PARIS — This is like Ohio State-Michigan, if I may use a fierce American football rivalry and apply it to tennis. What I have in mind is a great long-time Russian rivalry – Moscow and St. Petersburg – and a representative of each bumping heads with the Championship of France at stake.
Both are 23, proud to have put together the second all-Russian French final. But they come from cities that think ill of each other. That’s OK with Svetlana (Koozy) Kuznetsova from St. Pete and Dinara Safina, the Muscovite. They’re friendly, but their rivalry is hot, now stretched out to a 14th match to decide who will wear the French crown.

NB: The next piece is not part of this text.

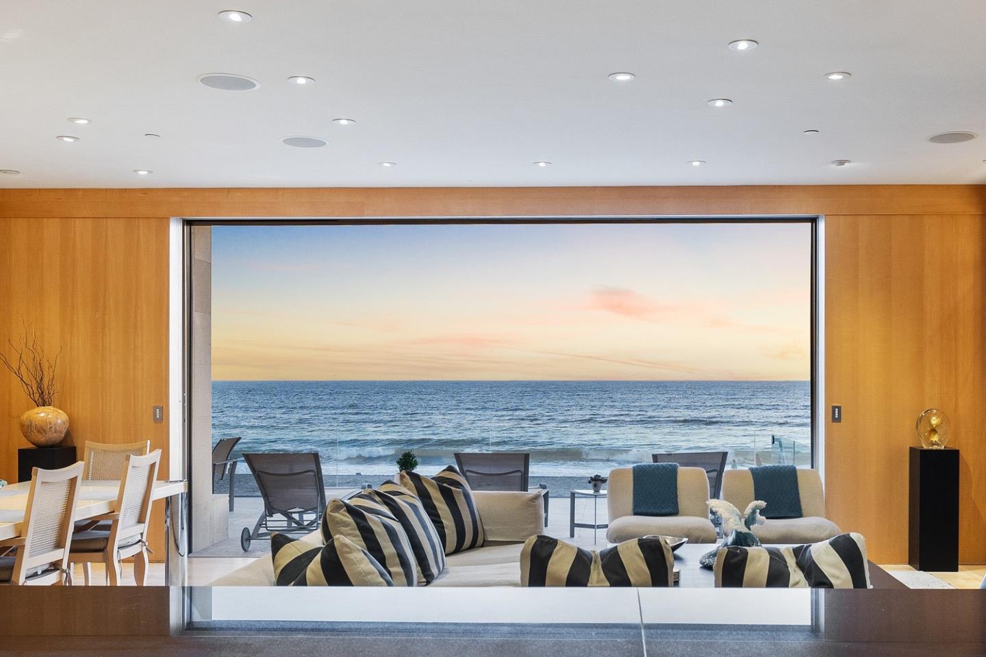 Behind private gates, this residence isn't just a home; it's a meticulously crafted masterpiece envisioned by Sally Sirkin Lewis. An inductee of the Interior Design Hall of Fame & featured on Architectural Digest's prestigious AD100 list, her influence is woven throughout. Every aspect of this residence bears the hallmark of excellence, with custom furniture meticulously curated & designed by her L.A.-based company, J. Robert Scott. Embodying the designer's unique interpretation of California style, this home seamlessly blends elements of "modern classic" & "transitional" styles. A gracefully curved maple wood staircase welcomes you, setting the tone for the main level, where maple wood accents grace the flooring & walls. In the great room, expansive sliding doors virtually vanish into the walls, uniting the maple flooring with a limestone patio. This strategic design invites the ocean breeze & sounds of waves into the living space. The residence boasts high ceilings with precisely positioned lighting fixtures & an abundance of skylights, ensuring a harmonious play of light throughout. A Sonos audio system & radiant heating add to the modern conveniences. A bonus rec room, featuring roll-up doors open to an outdoor patio steps to the sand.

Poor Dinara. She’s No. 1 in the world, but nobody wants to believe it. She doesn’t own a major title, and a Ms. No. 1 ought to have one, don’t you think? She lost this final last year to the since-wayward Ana Ivanovic, and the Australian final this year, beaten badly, 6-0, 6-3 by Serena Williams. Dinara thinks of herself as No. 1 because Medusa, the scatterbrain WTA computer, says so. But she really needs a major for her own sanity.
On the other side of the net, Koozy, is No 7, but she owns a major, the U.S. Open of 2004, and she seems to have a firmer grip on her nerves these days.
She lost the middle set in her last 3 wins (over Aggie Radwanska, Serena and Sam Stosur), suffering the famous Koozy Quivers, but straightening up in time to march into the final.
It was good to see the tall Aussie, Sam Stosur in the semis. She was the outsider at No. 32, but very good news to her island homeland that used to mean so much in the game. When Sam charged back into the match from 2-5 in the tie-breaker, winning 5 successive points, Koozy began to quiver. She was worried until she ducked a break point to 3-2 in the decisive set, and took the Aussie’s serve, for 4-2 – Quivers gone, she won, 6-4, 6-7 (5-7), 6-3.
Thirty years have passed since an Aussie femme did so well in Paris. Wendy (Rabbit) Turnbull was in the 1979 final, losing – everybody did – to Chris Evert. Evonne Goolagong was the last Aussie champ in 1971.
The other losing semifinalist, teeny Slovak Dominika Cibulkova, must have felt like a 6-footer among the giants of the NBA. At 5-foot-3 she was 9 inches shorter than Safina. Still she ran all over the place, battled well in Dinara’s 6-3, 6-3, victory.
That brought Safina, loser of only one set, into the final, yet another round in the St. Petersburg-Moscow rivalry. Safina leads 8-5, her triumph in the Italian Open final her most impressive. I’ll bet both of them could outrun the Ohio State and Michigan football teams.